In this article, you will learn how to make python codes run faster by applying some basic and easy optimization techniques.
The python codes will become shorter and easy to understand as compared to the codes written before. Doing this will not only produces the desired output faster but also reduces the effort to write the lengthy codes.
Here are some tips to optimize your python codes that will result in the faster execution of the program. You can Also Join Our Python Course to learn how to make code faster.
[1] Multiple Assignment
Instead of assigning values to two or more variables one by one, you can use multiple assignment technique for the same task. Let’s give you a simple example of swapping two variables in a single line without using a temporary variable.
Traditional Slower Way
a=4
b=2
temp=a
a=b
b=temp
print “Swapped values :”, x,y
Modern Faster Way
a,b=3,8
a,b=b,y
print “Swapped values :”, a,b
[2] Map() function
In python, there are several built-in library functions that enables a programmer to make python codes run faster, save time and speedup the execution process.
Map() is one of those built-in library function used for speeding up the execution process. It applies a given function to each item of an iterable(list, tuples, etc.) and returns the result in the form of a list.
The syntax of map() function is shown below:
map(function, iterable)
- Function-each iterable is passed to this function for mapping.
- Iterable-it may be a list, tuple, etc. to be mapped.
Using map() function, a programmer doesn’t need to apply a loop, thus making the whole program run faster.
We have shown below two different examples with different codes for the same output.

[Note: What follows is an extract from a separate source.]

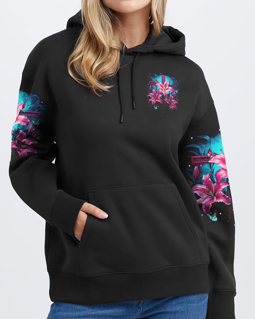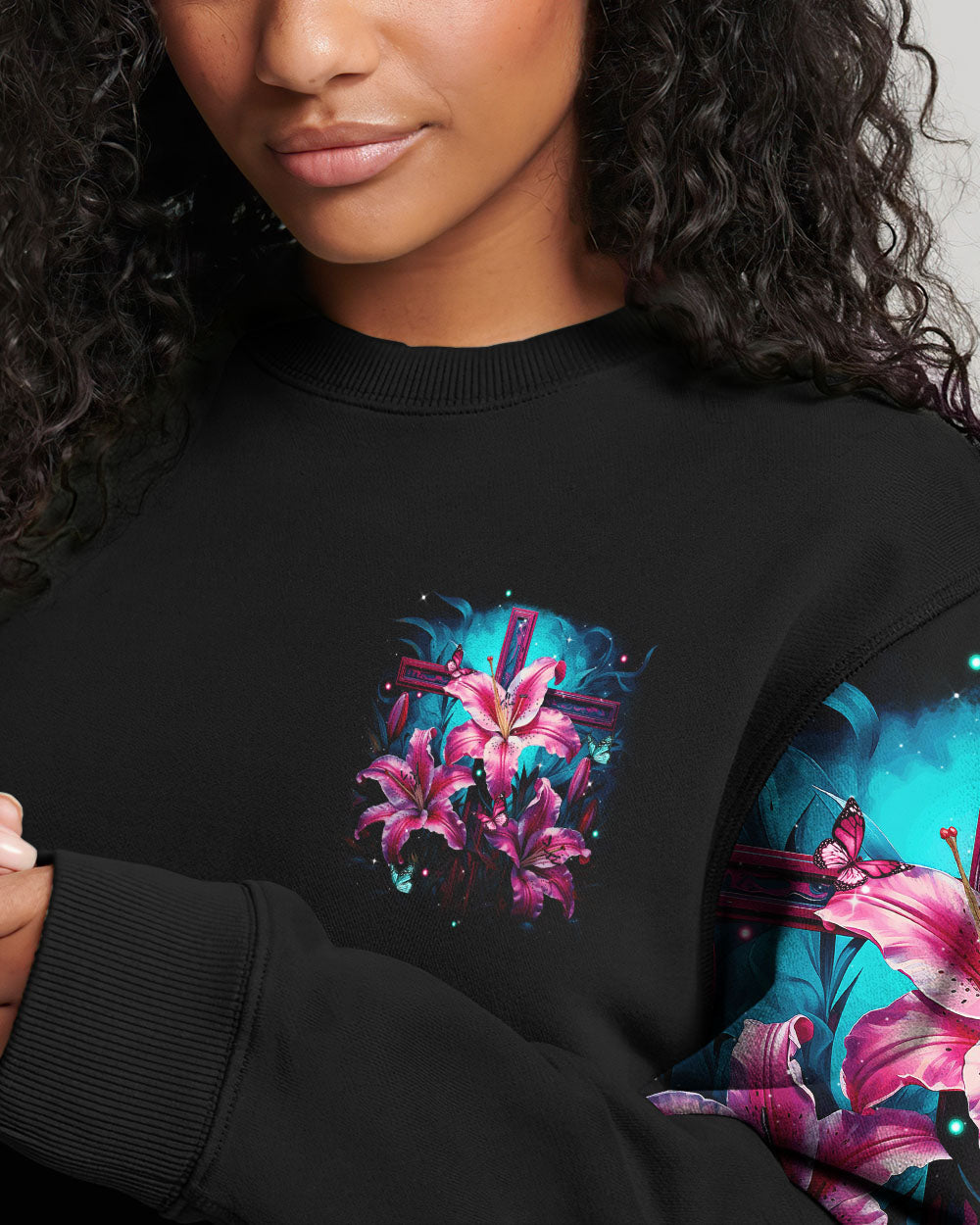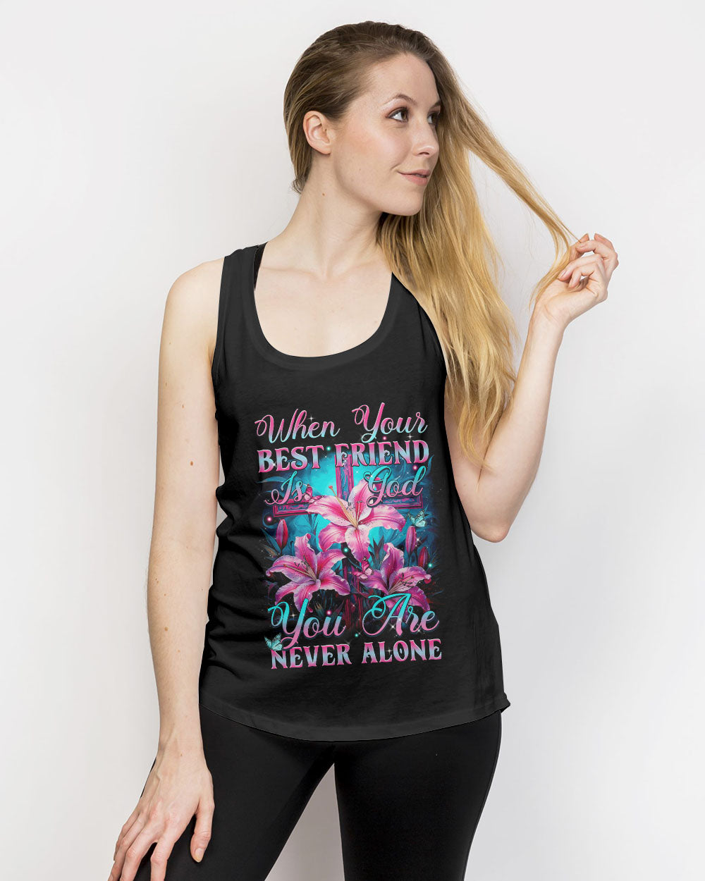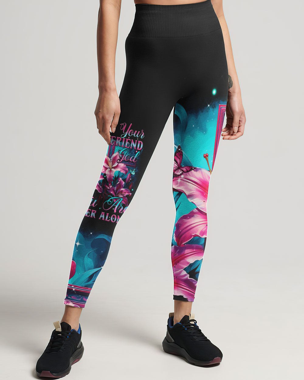 This You Are Never Alone Women's All Over Print Shirt is designed to be a powerful visual reminder of faith and God's friendship, providing strength and solace. It features crosses, lilies, butterflies, and the uplifting quote, "When Your Best Friend Is God, You Are Never Alone!" Crafted to celebrate your divine connection, this extraordinary piece will make you feel you belong, no matter the situation.

In the first one, we have applied ‘for loop’ and in the second one we have used map() function.
Let’s see which one of these executes faster.
Traditional Slower Way
import time
begin = time.clock()
b = ‘W3TS’
L = []
for i in b:
L.append(i.lower())
print L
passed = time.clock()
p1 = passed – begin
print “Total time spent in the execution process using for loop : “, p1
Output:
[‘w’, ‘3’, ‘t’, ‘s’]
Total time spent in the execution process using for loop : 0.00709003566832
Modern Faster Way
import time
b = ‘W3TS’
begin = time.clock()
L = map(str.lower, b)
print L
passed = time.clock()
p2 = passed – begin
print “Total time spent in the execution process using map() function: “, p2
Output:
[‘w’, ‘3’, ‘t’, ‘s’]
Total time spent in the execution process using map() function: 0.00381961984303
Clearly, if you compare the time spent in the execution process in both conditions, the map() function produces the result in a very less time.
So, it will be beneficial for you to use built-in library functions to make python codes run faster.
[3] List Comprehension
Use list comprehension to iterate a range instead of using for loop. It is the faster way to get the output and requires only a single line to finish and execute the codes.

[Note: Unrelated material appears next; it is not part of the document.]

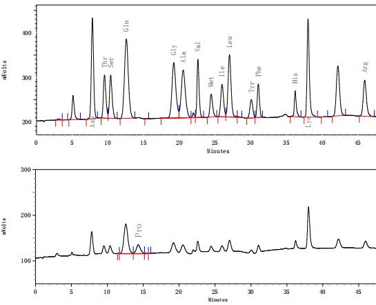 稱取含蛋白7.5-25mg的試樣,加入水解管中,加入15mL 6mol/L鹽酸,繼續向水解管內加入苯酚3滴~4滴。冷凍3min~5min,接到真空泵的抽氣管上,抽真空(接近0Pa),然后充入氮氣,重復抽真空-充入氮氣3次后,在充氮氣狀態下擰緊螺蓋。 將水解管放入干浴水解濃縮儀中,110°C水解22-24h,冷卻、混勻、開管、轉移并定容到50ml容量瓶中,用移液管取適量樣液,在干浴水解濃縮儀中50°C吹干,必要時加入少許水,重復吹干1-2次,加入3-5mL PH2.2的稀釋上機用檸檬酸鈉緩沖液溶解,振蕩混勻后,吸取溶液通過0.22μm 濾膜后,轉移至儀器進樣瓶,為樣品測定液,供儀器測定用。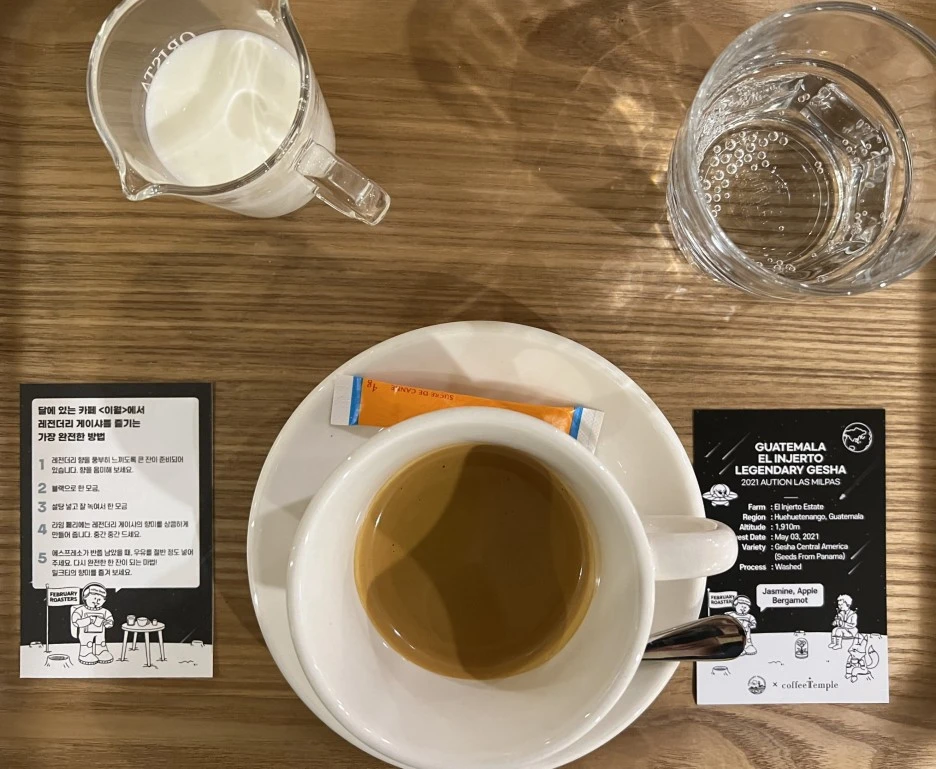 왜 이렇게 코스 3을 만들었는지에 대해서 김사홍 바리스타님께 물어봤다. 이유인즉, 이 커피를 가장 맛있게 마시는 방법을 함께 연구하다가 한쪽은 우유와 함께 마시는 것이 그리고 다른 한쪽은 에스프레소만 즐기는 것이 가장 맛있다고 의견이 갈렸기 때문이었다. 그래서 두 방식 모두 가져가자고 결론이 나와서 에스프레소의 양을 늘려 두 방식과 그리고 페리에 라임으로 세 음료까지도 돼버린 코스 3이 탄생하게 되었다는 것이다.

Let’s have a look on how for loop and list comprehension works.
For loop representation :
for(values to iterate):
if (conditional filtering):
output expression()
List Comprehension Representation :
[output expression() for(values to iterate) if(conditional filtering)]
Clearly, using list comprehension, you can finish a multi line code in a single line. This will also make python codes run faster.
Now, let’s implement these techniques by a working example.
Traditional Slower Way: Using for loop
even=[]
for i in range(10):
if i%2==0:
even.append(i)
print even
Output:
[0, 2, 4, 6, 8]
Modern Faster Way: Using List Comprehension
even=[i for i in range(10) if i%2==0]
print even
Output:
[0, 2, 4, 6, 8]
[4] Dictionary Comprehension
You can also use dictionary comprehension to make python codes run faster. We have shown below an example of pair of a number and its square using for loop and dictionary comprehension.
Traditional Slower Way: Using for loop
even={}
for i in range(1,8):
even[i]=i*i
print even
Output:
{1: 1, 2: 4, 3: 9, 4: 16, 5: 25, 6: 36, 7: 49}
Modern Faster Way: Using Dictionary Comprehension
even={i:i*i for i in range(1,8)}
print even
Output:
{1: 1, 2: 4, 3: 9, 4: 16, 5: 25, 6: 36, 7: 49}
[5] range() and xrange() function
The xrange() function gives faster results as compared to the range() function.
Using range() function
a=[x for x in range(2,16,2)]
print a
Output:
[2, 4, 6, 8, 10, 12, 14]
Using xrange() function
a=[x for x in xrange(2,16,2)]
print a
Output:
[2, 4, 6, 8, 10, 12, 14]
There are many optimization techniques to make python codes run faster. We have shown you five of them. Hope this information will help you to get your things done regarding python programming language.